10 Ways to Break Into a House

Wait for the Holidays
Christmas presents by the window may entice crooks to break in.
Christmas presents by the window may entice crooks to break in.

Burglars who prefer to plan their heists in advance are particularly attentive to seasons and occasions. Just before Christmas, for example, burglars love to look in, and then break in, large picture windows displaying dozens of presents underneath sparkly trees. On December 25th or 26th, burglars scout curbs, where empty boxes inventory potential loot -- large-screen TVs, expensive game systems, packages from high-end department stores and fishing gear. To take your home out of the running, leave the tree, but move presents from window views. Haul those empties to a public trash receptacle.

Summer vacations get burglars giddy, too. Families who take precautions to make their homes look lived-in should enjoy worry-free vacations.

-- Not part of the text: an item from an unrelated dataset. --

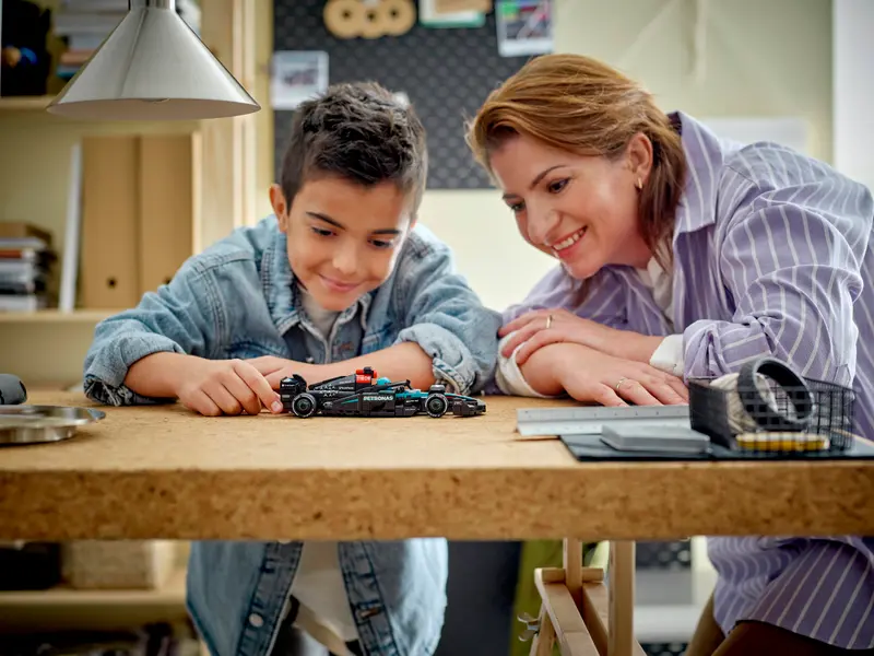 - Bolid zespołu F1® Mercedes-AMG PETRONAS dla dzieci — LEGO® Speed Champions Bolid F1® Mercedes-AMG W15 umożliwia 10-latkom i starszym dzieciom zbudowanie, zabawę w wyścigi i eksponowanie modelu na półce

Other events fraught with dangers from burglary include:

  • Homes for sale -- Lock boxes hung on doors indicate houses are likely empty. With the right tools, burglars can break in quickly. Homeowners preferring to skirt this risk may work with realtors to either forego lock boxes or hang them in discrete locations. During open houses, visitors should not be free to roam, and after the event is over, realtors and homeowners need to check that doors and windows remain secure.
  • Funerals and weddings -- Large family gatherings provide additional opportunities for burglars to know when homes will be unoccupied, usually for hours at a time. Best bet: Ask neighbors to house sit, with their cars parked in the driveway, to ensure it appears someone is home.